Exercise goal:
Reproduce word for word the lines between those holding "また、店舗の規模(大型店か小" and "天津市少年儿童活动中心科技模型教学活动与实践——赵文宽", inclusive, and nothing else from the data below.

[[ Entries provided, beginning ]]

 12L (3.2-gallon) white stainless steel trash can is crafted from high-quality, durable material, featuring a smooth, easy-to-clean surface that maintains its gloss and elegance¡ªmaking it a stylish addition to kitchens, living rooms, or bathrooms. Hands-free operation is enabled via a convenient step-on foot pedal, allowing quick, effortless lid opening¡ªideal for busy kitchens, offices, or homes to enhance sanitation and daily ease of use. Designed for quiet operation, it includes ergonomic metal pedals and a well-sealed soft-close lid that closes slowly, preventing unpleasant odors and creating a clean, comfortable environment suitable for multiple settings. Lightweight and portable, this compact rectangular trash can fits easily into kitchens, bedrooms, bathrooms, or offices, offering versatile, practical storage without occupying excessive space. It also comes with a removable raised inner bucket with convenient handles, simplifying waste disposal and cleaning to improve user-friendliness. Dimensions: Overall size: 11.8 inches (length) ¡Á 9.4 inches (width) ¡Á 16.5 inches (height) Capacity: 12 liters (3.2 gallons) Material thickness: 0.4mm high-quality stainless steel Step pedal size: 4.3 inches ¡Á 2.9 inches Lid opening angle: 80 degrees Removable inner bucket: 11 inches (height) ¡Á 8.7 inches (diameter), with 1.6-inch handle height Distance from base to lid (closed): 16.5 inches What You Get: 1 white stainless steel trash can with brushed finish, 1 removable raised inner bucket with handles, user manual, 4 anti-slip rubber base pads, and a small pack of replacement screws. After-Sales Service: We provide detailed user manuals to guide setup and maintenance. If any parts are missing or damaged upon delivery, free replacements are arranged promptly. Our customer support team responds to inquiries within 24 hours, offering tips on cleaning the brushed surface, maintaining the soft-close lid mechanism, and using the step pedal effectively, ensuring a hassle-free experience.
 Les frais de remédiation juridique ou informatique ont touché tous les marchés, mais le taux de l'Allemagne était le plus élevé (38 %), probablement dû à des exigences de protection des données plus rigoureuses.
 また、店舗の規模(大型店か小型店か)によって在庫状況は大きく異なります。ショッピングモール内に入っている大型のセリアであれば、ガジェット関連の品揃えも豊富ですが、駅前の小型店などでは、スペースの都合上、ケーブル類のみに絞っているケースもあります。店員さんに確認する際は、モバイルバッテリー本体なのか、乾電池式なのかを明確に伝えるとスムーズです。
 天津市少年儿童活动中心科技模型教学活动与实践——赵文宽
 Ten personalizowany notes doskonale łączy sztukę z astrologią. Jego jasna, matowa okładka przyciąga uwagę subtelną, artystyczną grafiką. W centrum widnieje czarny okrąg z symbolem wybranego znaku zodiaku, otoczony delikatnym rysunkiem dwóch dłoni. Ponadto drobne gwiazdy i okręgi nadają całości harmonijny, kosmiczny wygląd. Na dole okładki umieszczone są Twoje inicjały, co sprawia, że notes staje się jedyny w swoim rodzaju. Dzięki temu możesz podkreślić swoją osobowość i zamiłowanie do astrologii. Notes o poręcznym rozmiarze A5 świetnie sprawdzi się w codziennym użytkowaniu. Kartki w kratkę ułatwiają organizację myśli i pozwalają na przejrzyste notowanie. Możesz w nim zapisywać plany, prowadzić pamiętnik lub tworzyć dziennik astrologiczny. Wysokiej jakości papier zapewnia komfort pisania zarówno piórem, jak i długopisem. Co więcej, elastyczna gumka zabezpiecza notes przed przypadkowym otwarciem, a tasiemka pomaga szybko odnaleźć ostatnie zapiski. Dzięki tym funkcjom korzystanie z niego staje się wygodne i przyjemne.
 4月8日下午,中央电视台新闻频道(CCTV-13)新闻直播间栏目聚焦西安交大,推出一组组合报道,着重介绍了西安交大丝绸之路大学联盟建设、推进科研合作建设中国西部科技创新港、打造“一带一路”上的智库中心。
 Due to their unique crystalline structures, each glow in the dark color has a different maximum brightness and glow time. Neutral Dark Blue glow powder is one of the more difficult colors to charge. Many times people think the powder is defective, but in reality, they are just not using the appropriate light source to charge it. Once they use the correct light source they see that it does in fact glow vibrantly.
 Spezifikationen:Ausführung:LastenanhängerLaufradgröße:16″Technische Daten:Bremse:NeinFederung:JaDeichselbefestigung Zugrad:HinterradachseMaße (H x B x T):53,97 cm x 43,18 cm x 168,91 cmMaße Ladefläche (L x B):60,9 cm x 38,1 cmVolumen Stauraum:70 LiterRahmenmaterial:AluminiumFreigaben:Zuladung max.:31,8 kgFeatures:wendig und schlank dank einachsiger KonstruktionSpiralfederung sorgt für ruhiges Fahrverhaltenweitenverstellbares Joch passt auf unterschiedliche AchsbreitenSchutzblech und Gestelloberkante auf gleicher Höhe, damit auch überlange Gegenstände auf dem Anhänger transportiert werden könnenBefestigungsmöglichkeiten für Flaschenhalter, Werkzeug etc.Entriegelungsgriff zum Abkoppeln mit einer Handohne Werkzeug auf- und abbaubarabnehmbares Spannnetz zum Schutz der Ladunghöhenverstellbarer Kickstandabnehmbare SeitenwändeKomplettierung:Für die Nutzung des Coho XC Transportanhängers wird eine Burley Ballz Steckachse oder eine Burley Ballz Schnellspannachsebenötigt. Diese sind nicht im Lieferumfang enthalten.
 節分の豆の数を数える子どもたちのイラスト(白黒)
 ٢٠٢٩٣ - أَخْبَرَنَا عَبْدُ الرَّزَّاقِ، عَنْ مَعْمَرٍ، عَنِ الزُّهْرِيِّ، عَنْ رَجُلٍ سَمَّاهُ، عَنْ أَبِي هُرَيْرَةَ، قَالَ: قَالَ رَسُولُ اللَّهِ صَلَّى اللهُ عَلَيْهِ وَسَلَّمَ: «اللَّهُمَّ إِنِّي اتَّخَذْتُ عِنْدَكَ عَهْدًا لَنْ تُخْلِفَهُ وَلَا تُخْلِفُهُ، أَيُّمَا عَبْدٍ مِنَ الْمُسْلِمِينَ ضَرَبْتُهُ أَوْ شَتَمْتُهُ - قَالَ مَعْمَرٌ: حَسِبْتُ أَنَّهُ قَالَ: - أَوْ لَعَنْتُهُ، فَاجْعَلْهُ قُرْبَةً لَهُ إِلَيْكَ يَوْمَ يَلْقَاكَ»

[[ Entries provided, end ]]

Solution to this exercise:
 また、店舗の規模(大型店か小型店か)によって在庫状況は大きく異なります。ショッピングモール内に入っている大型のセリアであれば、ガジェット関連の品揃えも豊富ですが、駅前の小型店などでは、スペースの都合上、ケーブル類のみに絞っているケースもあります。店員さんに確認する際は、モバイルバッテリー本体なのか、乾電池式なのかを明確に伝えるとスムーズです。
 天津市少年儿童活动中心科技模型教学活动与实践——赵文宽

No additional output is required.